1, the allocation space that Thick LUN are not written by host I/O (Input/Output, input/output).For Thick LUN, the corresponding physical space of all LUN has been distributed when creating, and in general, the physical space after distribution can be complete Portion is filled with zero immediately, and the physical space that it is zero that this, which is partially filled with, belongs to invalid data space.If reading this part The spaces LUN that distribution is not covered by host I/O still, can be zero data.
2, the unallocated space of Thin LUN.For Thin LUN, it is empty that when establishment, will not distribute the corresponding physics of LUN sizes Between, and as data are written, then gradually increase distribution physical space on demand.So for Thin LUN, it is possible to which its part is patrolled It collects space and does not distribute physical space.This part of logical space also belongs to invalid data space.If reading this part Space can return to full zero data.
Invalid data filtering process key is to filter the nothing in snapshot by zero data identification technology in existing snapshot Imitate data.Zero data identification mainly has following three kinds of methods:
Method one:Byte-by-byte inspection:After this method takes data block to be checked, real-time byte-by-byte progress zero data inspection It looks into.If eligible, it is judged as zero data.
Method two:Zero data marks:This method checks certain number in write-in data every time or when periodically being checked Whether it is complete zero according to block, if it is, being 1 by the mark position of the data block, is judging whether corresponding data block is complete in this way When zero data, respective flag position is directly inquired.
Method three:Thin LUN labels:This method is to obtain the bitmap of its allocation space for Thin LUN, from And learn remaining unallocated space, as full zero data space.

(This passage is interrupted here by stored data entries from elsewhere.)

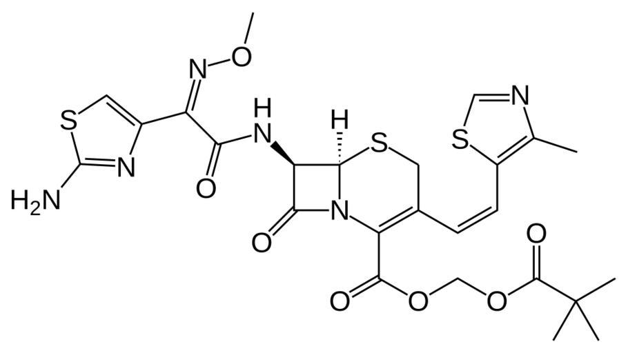 Keywords: Cefditoren pivoxil.svg validSVG Skeletal formula of cefditoren pivoxil a prodrug of cefditoren Created using http //www acdlabs com/download/chemsk html ACD/ChemSketch 10 0 and Inkscape Own 2008-08-24 Fvasconcellos Cephalosporin antibiotics Oximes Aminothiazoles Prodrugs Pivalate esters |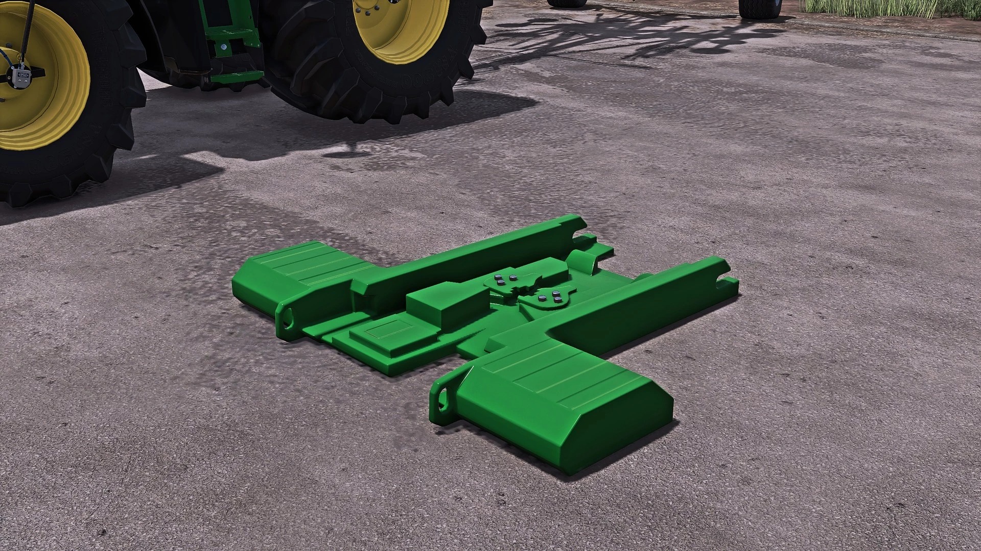 Součástí balení je také odpovídající čelní nakladač John Deere 683R a přední závaží John Deere 1150.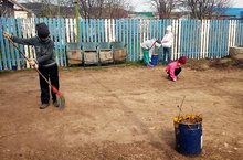 Ученица 2а класса Салимова Исламия участвует в семейном субботнике на территории возле дома. Маленький вклад в большое дело под названием «ЭКО-ВЕСНА 2020».
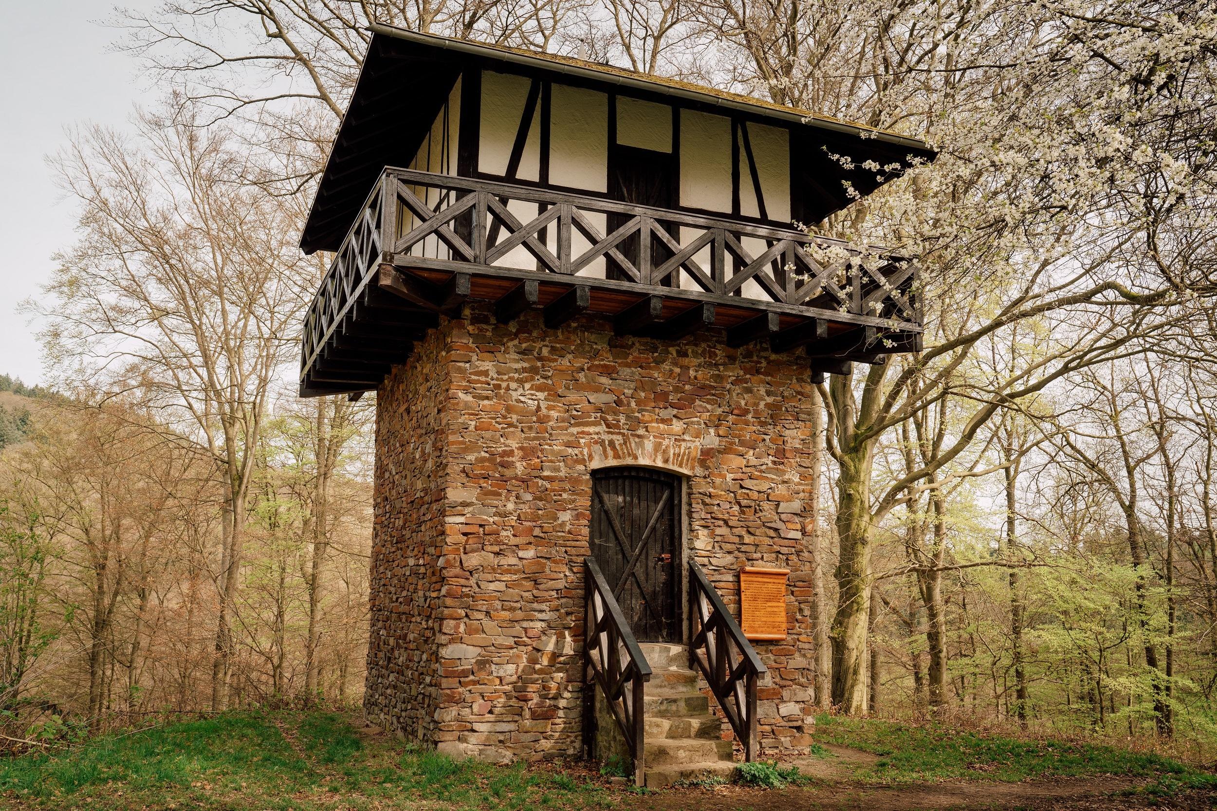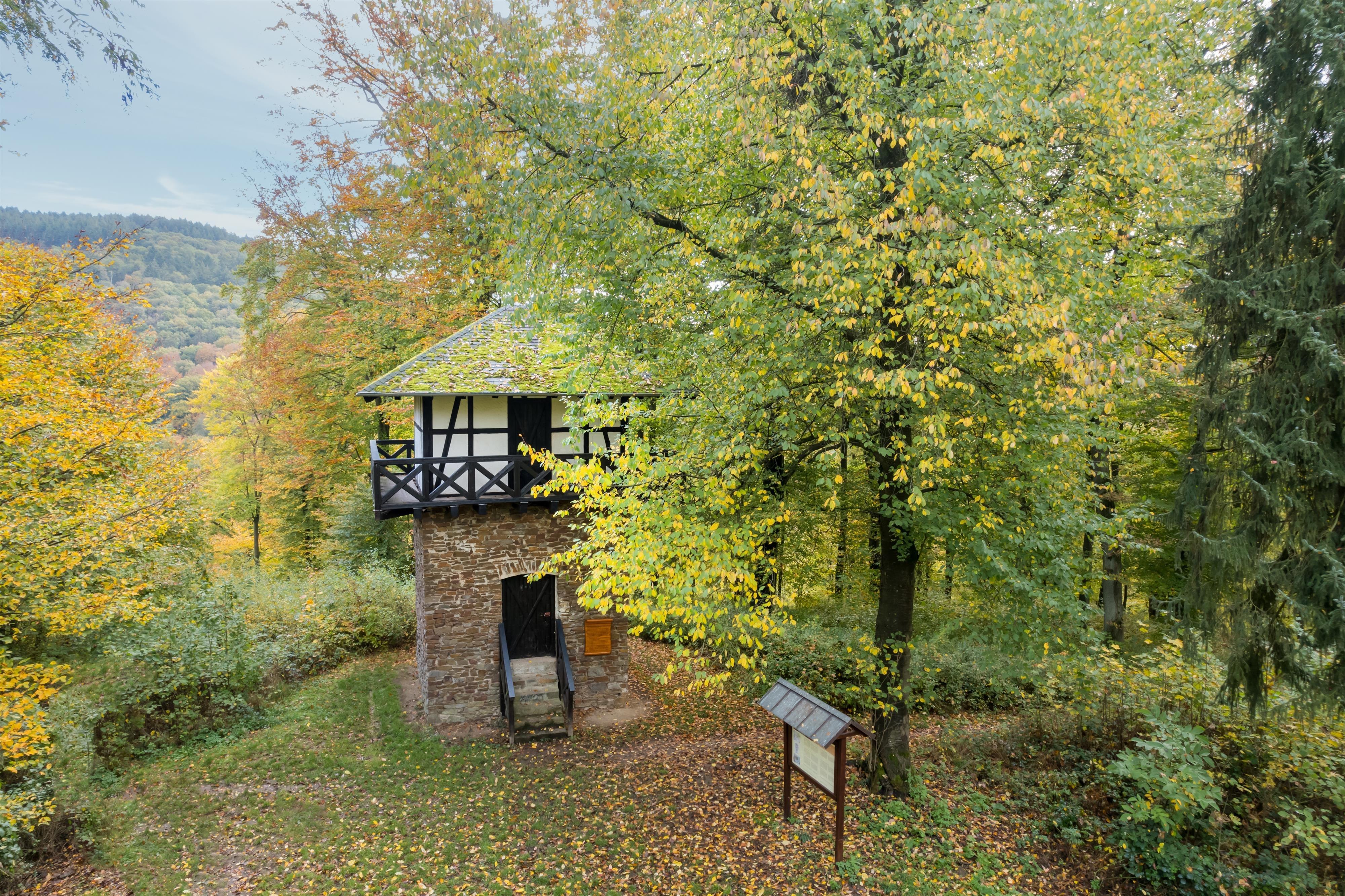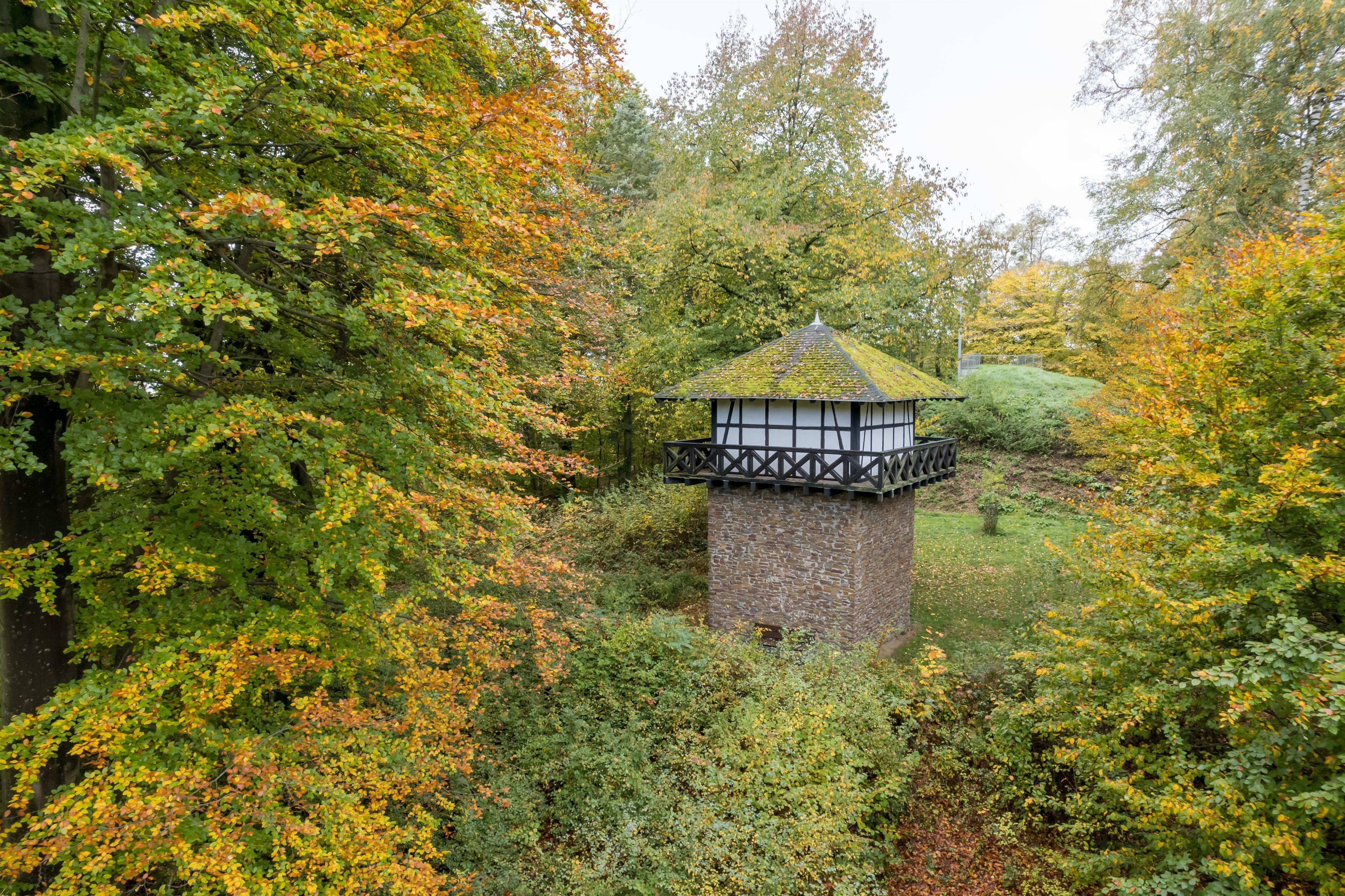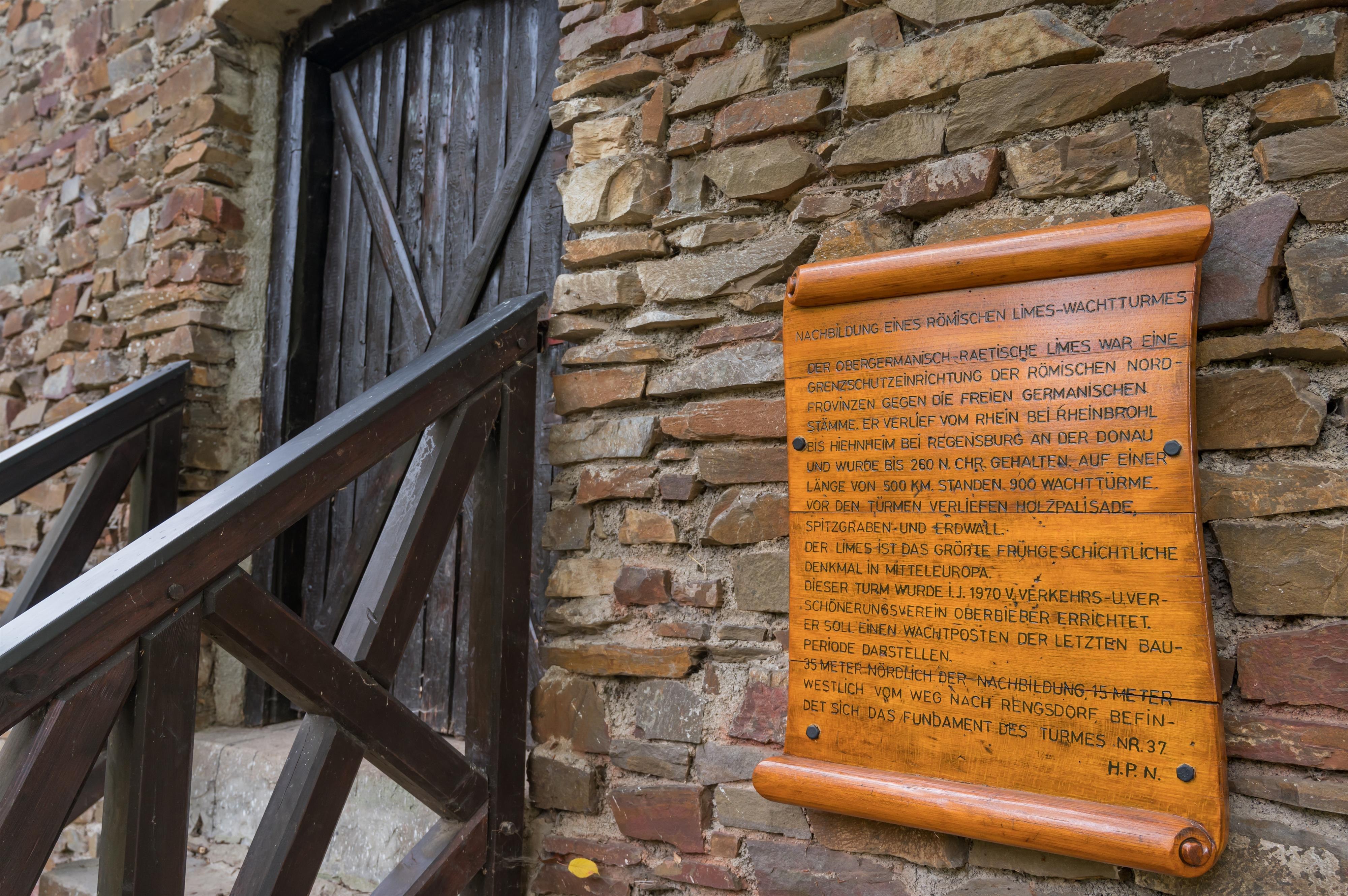 From Niederbieber, the Roman-Germanic Limes once ran further over the ridge of the Wingertsberg into the Aubachtal valley and then up the Alteck, continuing through the Gladbach-Heimbach-Weiser forest down to Sayn, where it exited the present-day Neuwied city area. In the Neuwied city area, there were about 35 Limes towers, one of which was located on the summit of the Wingertsberg. Not far from its foundations, which are preserved in the ground and currently built over, a model of this tower was erected in 1969/71 as a historical monument.

For in relatively common method two and method three, being required to that data are marked, the nothing in filtering snapshot By inquiring the corresponding data of marker recognition when imitating data, then the invalid data in the data of identification is filtered out to obtain effectively Data.Therefore, the expense that can additionally increase system resource, influences the treatment effeciency of storage resource.
Invention content
This application provides a kind of filter method of data, device and data reading systems, for improving storage resource Treatment effeciency.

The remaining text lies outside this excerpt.